_Your instructions_
The listing must be copied out in full and exactly; no images go with it.

_Recorded information_
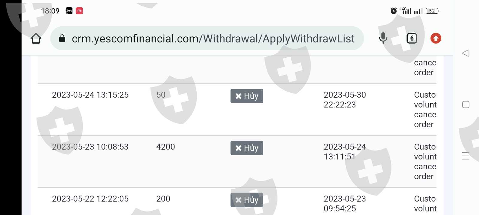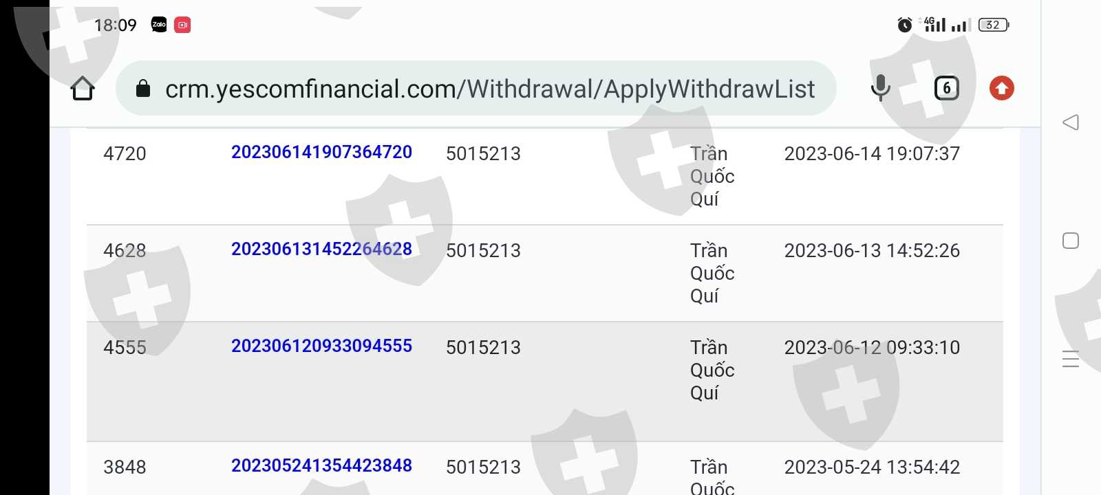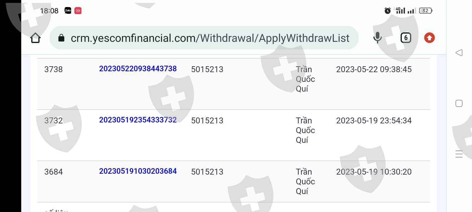 Tôi có mở Tk mt5 số 5015213 trên sàn yescom financial limited. Hiện tại số dư trên tài khoản là 4231.88$ tôi đặt lệnh rút tiền mà sàn chưa duyệt. Tôi đặt lệnh rút 4000$ từ ngày 19/05/2023 đến ngày 22/05/2023 tôi hủy lệnh này. Ngày 22/05/2023 tôi tạo lệnh rút 4000$ và 200$ đến ngày 23/05/2023 vẫn chưa được duyệt, lúc đó tôi liên hệ ib hỗ trợ, sau đó lệnh không được duyệt mà là bị hủy mà tôi không hủy 2 lệnh rút này. Tôi đổi mật khẩu tài khoản, có người xưng là bên bộ phận quản lý tài khoản nói tạm khoá tài khoản 15 ngày do tôi lộ mật khẩu hoặc đăng nhập vào bằng thiết bị khác. Tôi khẳng định là không tiết lộ mật khẩu cho bất kỳ ai và cũng không đăng nhập bằng thiết bị khác. Sau nhiều lần tạo lệnh rút tiền vẫn không được sàn duyệt. Mong sàn hỗ trợ duyệt lệnh rút tiền của tôi.
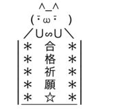 ⠀⠀⠀⋀_⋀ ⠀⠀(・̄ധ・̄) ⠀/U∽U\ │* 合 *│ │* 格 *│ │* 祈 *│ │* 願 *│ │* ☆ *│  ̄ ̄ ̄ ̄ ̄
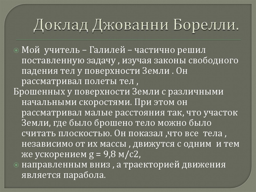 Мой учитель – Галилей – частично решилпоставленную задачу , изучая законы свободного
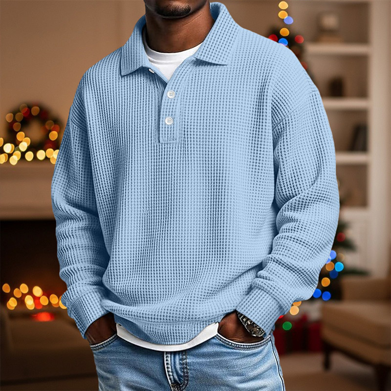 Men's Waffle Polo Shirts Polo Shirts Casual Street Lapel Long Sleeve Basic Modern Plain Buttons Spring Fall Regular Fit Dark Brown Black White Light Green Red Navy Blue Waffle Polo Shirts

_Answer_
 Tôi có mở Tk mt5 số 5015213 trên sàn yescom financial limited. Hiện tại số dư trên tài khoản là 4231.88$ tôi đặt lệnh rút tiền mà sàn chưa duyệt. Tôi đặt lệnh rút 4000$ từ ngày 19/05/2023 đến ngày 22/05/2023 tôi hủy lệnh này. Ngày 22/05/2023 tôi tạo lệnh rút 4000$ và 200$ đến ngày 23/05/2023 vẫn chưa được duyệt, lúc đó tôi liên hệ ib hỗ trợ, sau đó lệnh không được duyệt mà là bị hủy mà tôi không hủy 2 lệnh rút này. Tôi đổi mật khẩu tài khoản, có người xưng là bên bộ phận quản lý tài khoản nói tạm khoá tài khoản 15 ngày do tôi lộ mật khẩu hoặc đăng nhập vào bằng thiết bị khác. Tôi khẳng định là không tiết lộ mật khẩu cho bất kỳ ai và cũng không đăng nhập bằng thiết bị khác. Sau nhiều lần tạo lệnh rút tiền vẫn không được sàn duyệt. Mong sàn hỗ trợ duyệt lệnh rút tiền của tôi.
 ⠀⠀⠀⋀_⋀ ⠀⠀(・̄ധ・̄) ⠀/U∽U\ │* 合 *│ │* 格 *│ │* 祈 *│ │* 願 *│ │* ☆ *│  ̄ ̄ ̄ ̄ ̄
 Мой учитель – Галилей – частично решилпоставленную задачу , изучая законы свободного
 Men's Waffle Polo Shirts Polo Shirts Casual Street Lapel Long Sleeve Basic Modern Plain Buttons Spring Fall Regular Fit Dark Brown Black White Light Green Red Navy Blue Waffle Polo Shirts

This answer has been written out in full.